In the records below, find the line with "看图疯狂猜成语每周竞赛图片中,欠债黄金万两,一支笔,答案是什么成语?" and repeat exactly every line from it through the line with "Berlinger Haus Forest". Pictures stay out.

Start of Supplied records

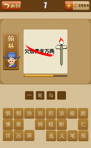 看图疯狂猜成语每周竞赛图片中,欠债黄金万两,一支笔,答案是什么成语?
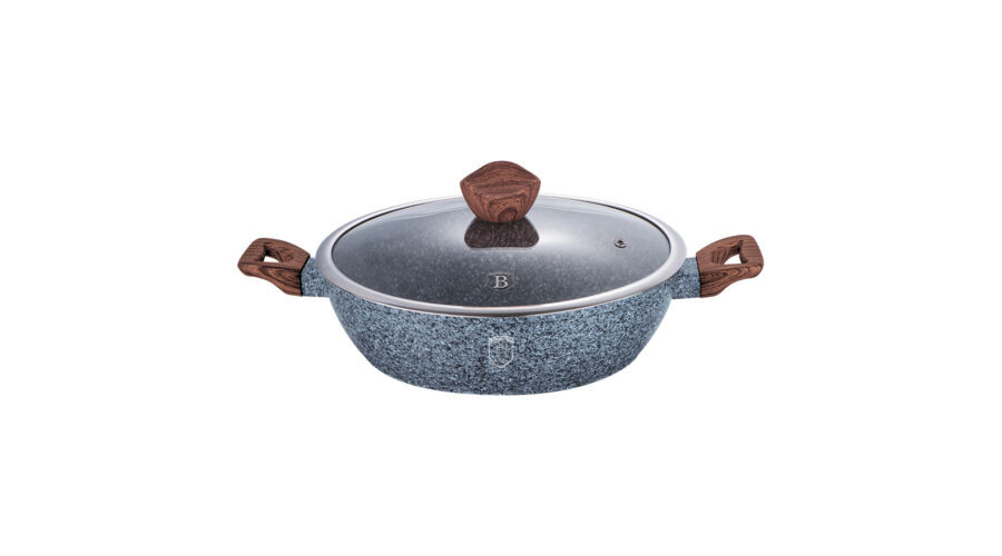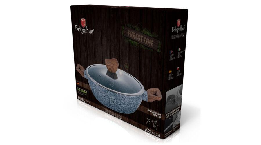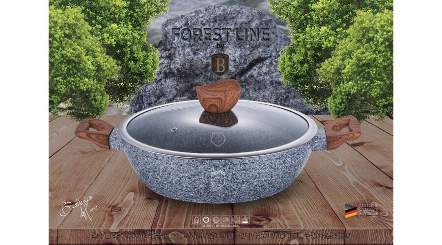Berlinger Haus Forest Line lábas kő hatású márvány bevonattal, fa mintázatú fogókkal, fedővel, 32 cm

End of Supplied records
Start of Supplied records

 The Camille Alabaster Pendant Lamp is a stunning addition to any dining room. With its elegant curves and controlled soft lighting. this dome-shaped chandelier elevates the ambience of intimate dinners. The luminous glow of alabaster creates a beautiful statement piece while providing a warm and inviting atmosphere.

End of Supplied records
Start of Supplied records

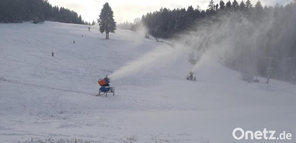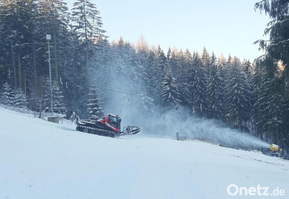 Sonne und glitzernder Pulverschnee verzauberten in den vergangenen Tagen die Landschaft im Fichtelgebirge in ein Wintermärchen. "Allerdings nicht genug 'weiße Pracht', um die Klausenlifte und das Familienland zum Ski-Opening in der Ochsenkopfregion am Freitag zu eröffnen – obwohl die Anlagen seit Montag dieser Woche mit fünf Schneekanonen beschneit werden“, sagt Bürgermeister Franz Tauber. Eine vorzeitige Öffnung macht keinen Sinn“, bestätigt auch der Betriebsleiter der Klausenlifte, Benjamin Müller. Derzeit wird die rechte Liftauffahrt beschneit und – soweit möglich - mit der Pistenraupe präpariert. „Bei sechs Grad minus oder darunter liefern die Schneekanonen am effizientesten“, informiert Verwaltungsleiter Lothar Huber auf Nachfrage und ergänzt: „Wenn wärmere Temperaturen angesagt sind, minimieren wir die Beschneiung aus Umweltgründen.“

End of Supplied records

Output of the exercise:
 看图疯狂猜成语每周竞赛图片中,欠债黄金万两,一支笔,答案是什么成语?
Berlinger Haus Forest Line lábas kő hatású márvány bevonattal, fa mintázatú fogókkal, fedővel, 32 cm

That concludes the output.